*** The records ***

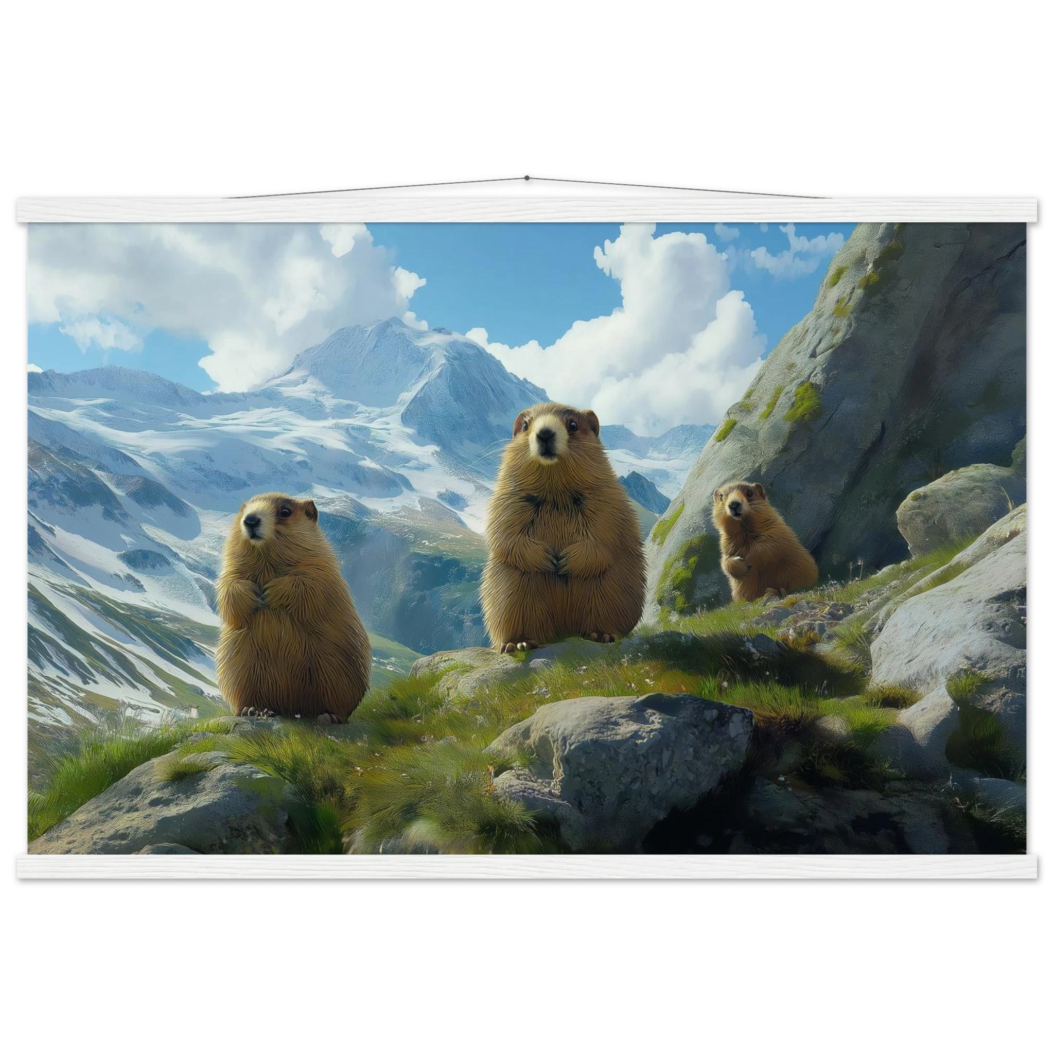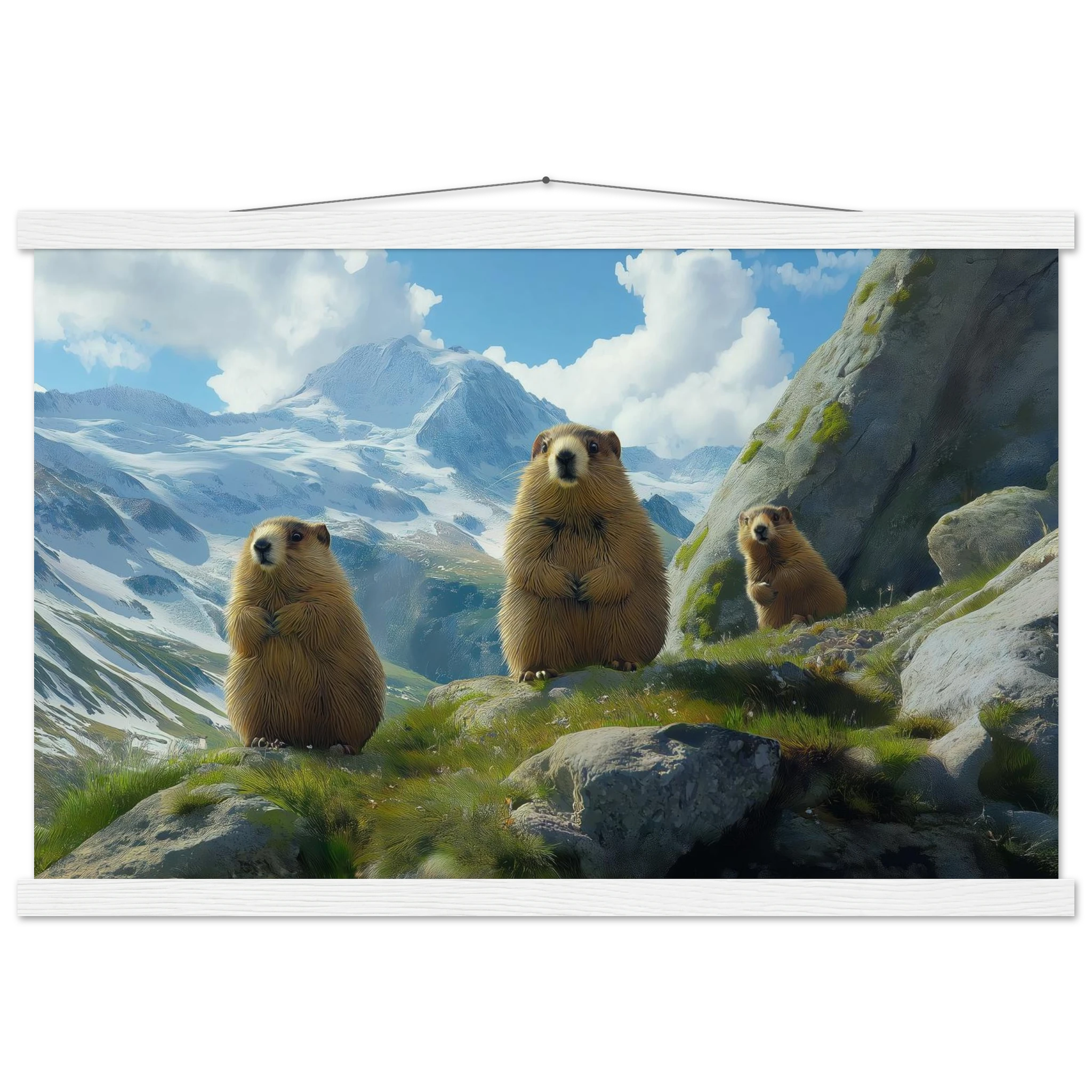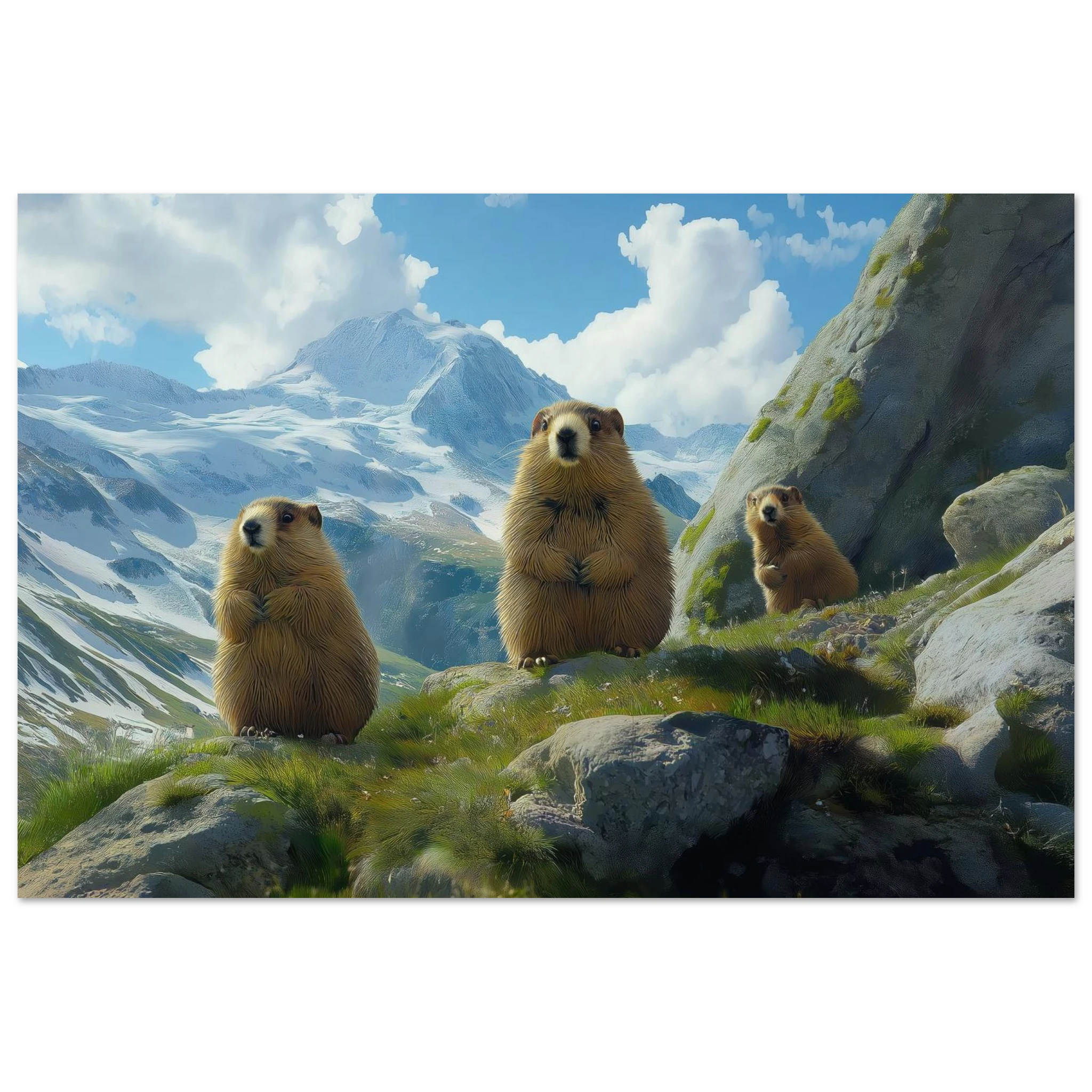 Imaginez trois marmottes, gardiennes de la nature, observant le paysage majestueux des Alpes. Ce tableau vivant évoque une quiétude rare, une invitation à la contemplation. Leurs yeux pétillants et leur posture vigilante vous rappellent que la beauté des montagnes réside aussi dans ces instants simples. Quel moment de sérénité aimeriez-vous partager avec ces sentinelles ?
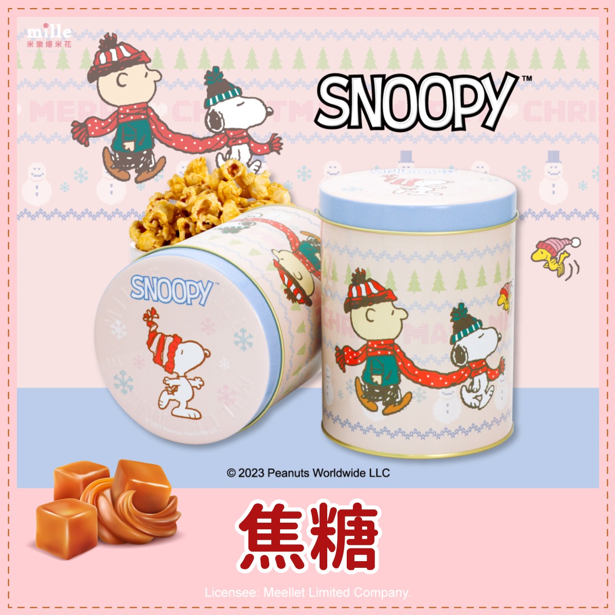 【米樂繽紛爆米花】史努比藍冬天外套罐爆米花
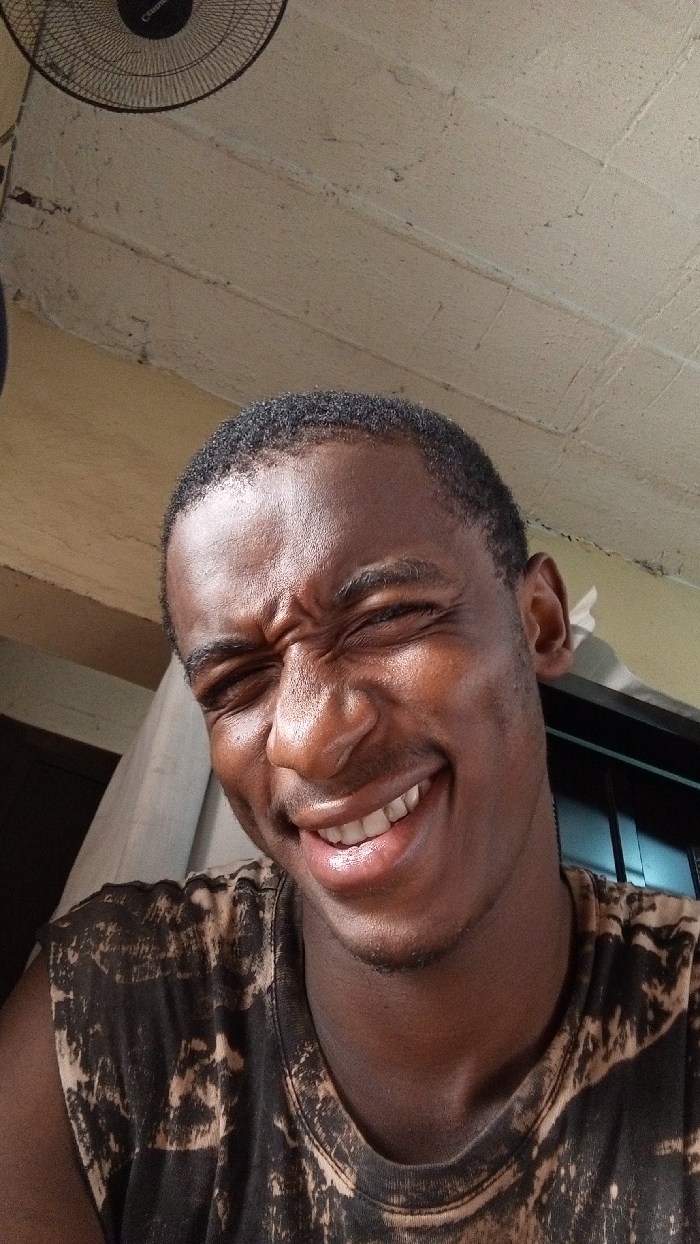 - "The image displays a close-up portrait of a dark-skinned male individual, approximately 20-30 years of age, exhibiting a strong facial expression characterized by tightly squinted eyes, a wrinkled nose, and a wide open-mouthed smile revealing his upper teeth" by FM-1O94j1, licensed under CC BY 4.0
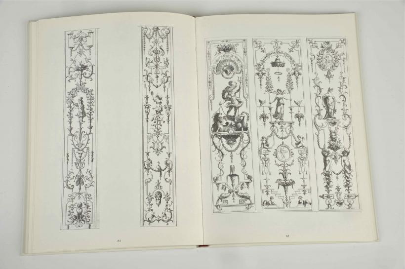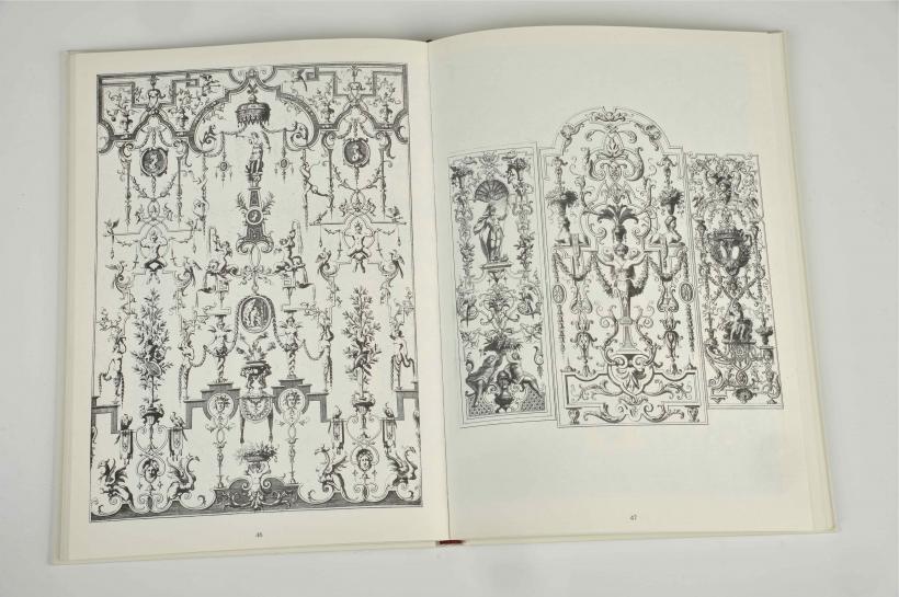 Il fut également un talentueux décorateur d’intérieur, dessinant des lambris et des plafonds, des peintures et des sculptures qui furent utilisés notamment pour la décoration du Louvre et dans les appartements royaux aux Tuileries. C’est principalement ces ornements qui sont reproduits ici dans un fac-similé de 116 planches gravées au XVIIe siècle, sans texte.
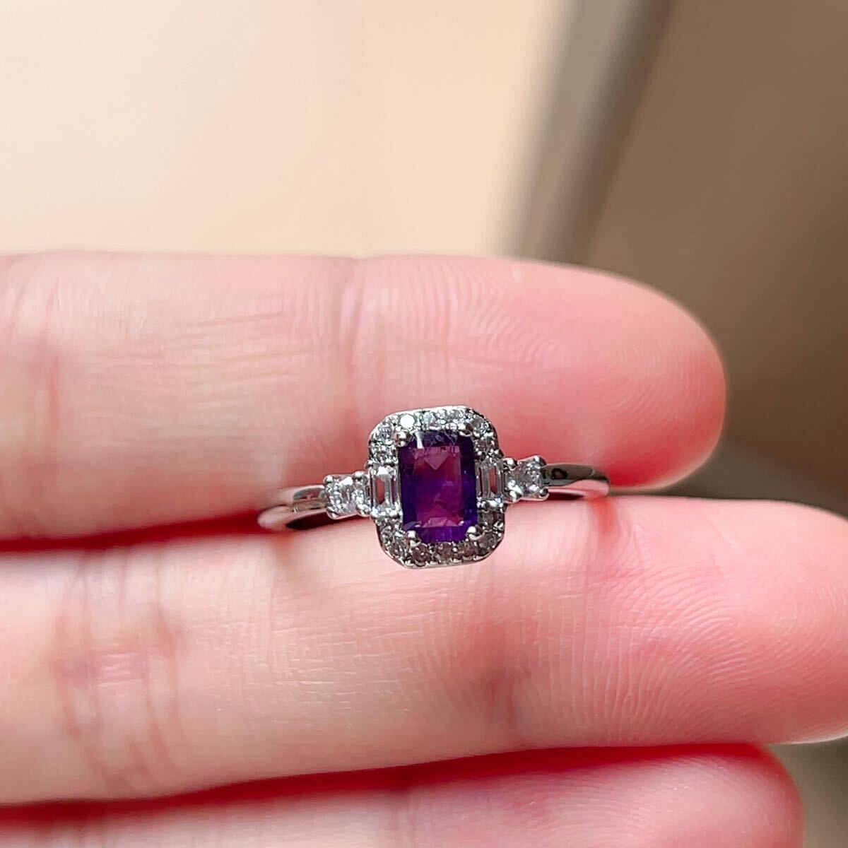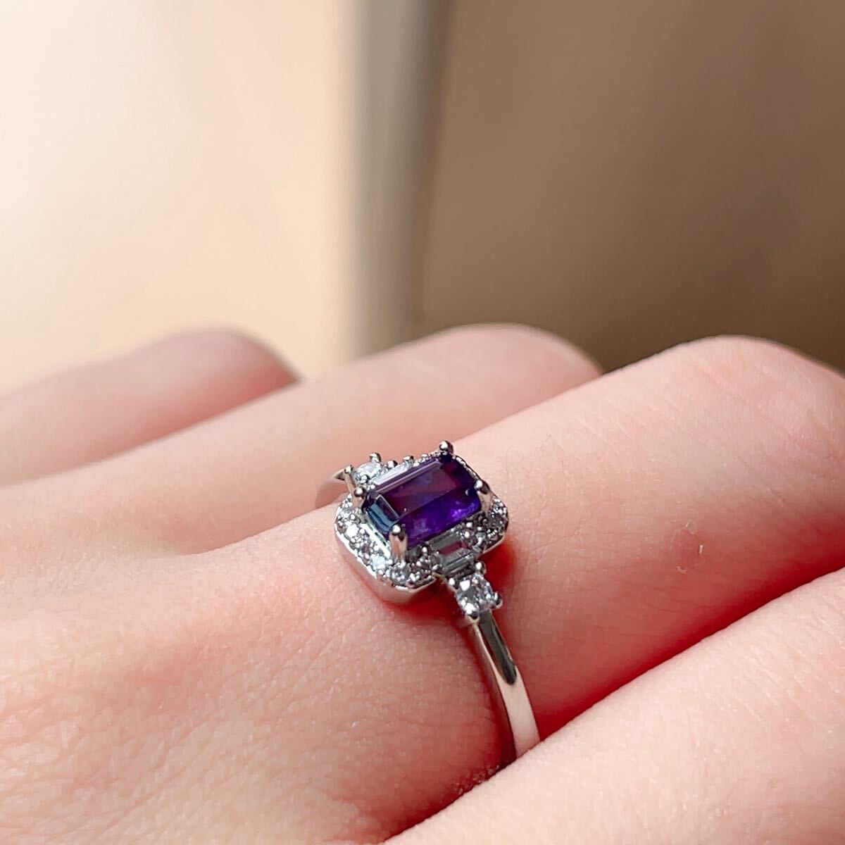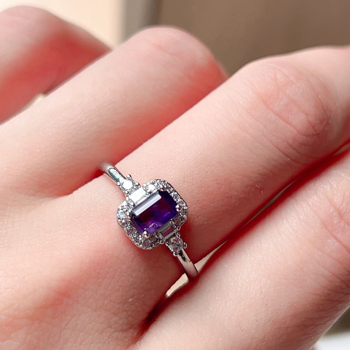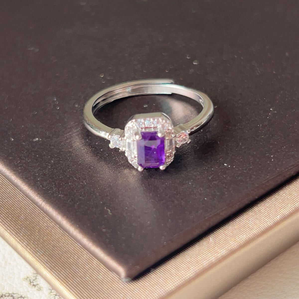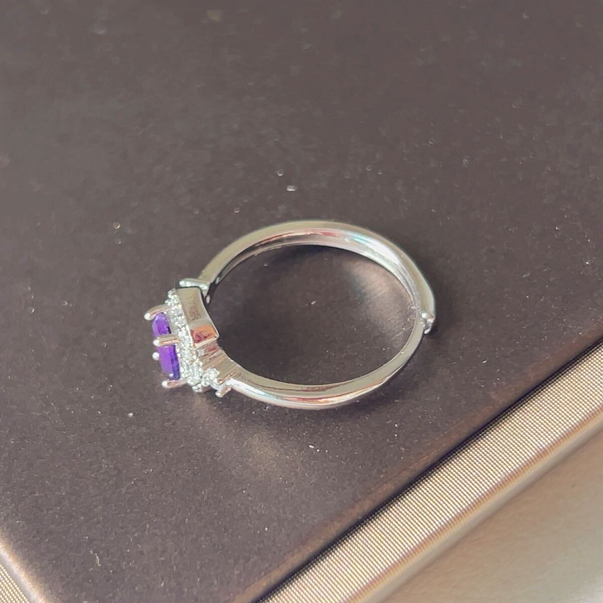 ◇色濃いめ◇紫水晶◇アメジスト◇指輪◇リング◇◇フリーサイズ◇天然石◇パワーストーン◇巾着袋付き◇プレゼントにも040R9411

***

*Problem details*. Print all of the data exactly, and do not carry over any pictures.

*Written answer*.
 Imaginez trois marmottes, gardiennes de la nature, observant le paysage majestueux des Alpes. Ce tableau vivant évoque une quiétude rare, une invitation à la contemplation. Leurs yeux pétillants et leur posture vigilante vous rappellent que la beauté des montagnes réside aussi dans ces instants simples. Quel moment de sérénité aimeriez-vous partager avec ces sentinelles ?
 【米樂繽紛爆米花】史努比藍冬天外套罐爆米花
 - "The image displays a close-up portrait of a dark-skinned male individual, approximately 20-30 years of age, exhibiting a strong facial expression characterized by tightly squinted eyes, a wrinkled nose, and a wide open-mouthed smile revealing his upper teeth" by FM-1O94j1, licensed under CC BY 4.0
 Il fut également un talentueux décorateur d’intérieur, dessinant des lambris et des plafonds, des peintures et des sculptures qui furent utilisés notamment pour la décoration du Louvre et dans les appartements royaux aux Tuileries. C’est principalement ces ornements qui sont reproduits ici dans un fac-similé de 116 planches gravées au XVIIe siècle, sans texte.
 ◇色濃いめ◇紫水晶◇アメジスト◇指輪◇リング◇◇フリーサイズ◇天然石◇パワーストーン◇巾着袋付き◇プレゼントにも040R9411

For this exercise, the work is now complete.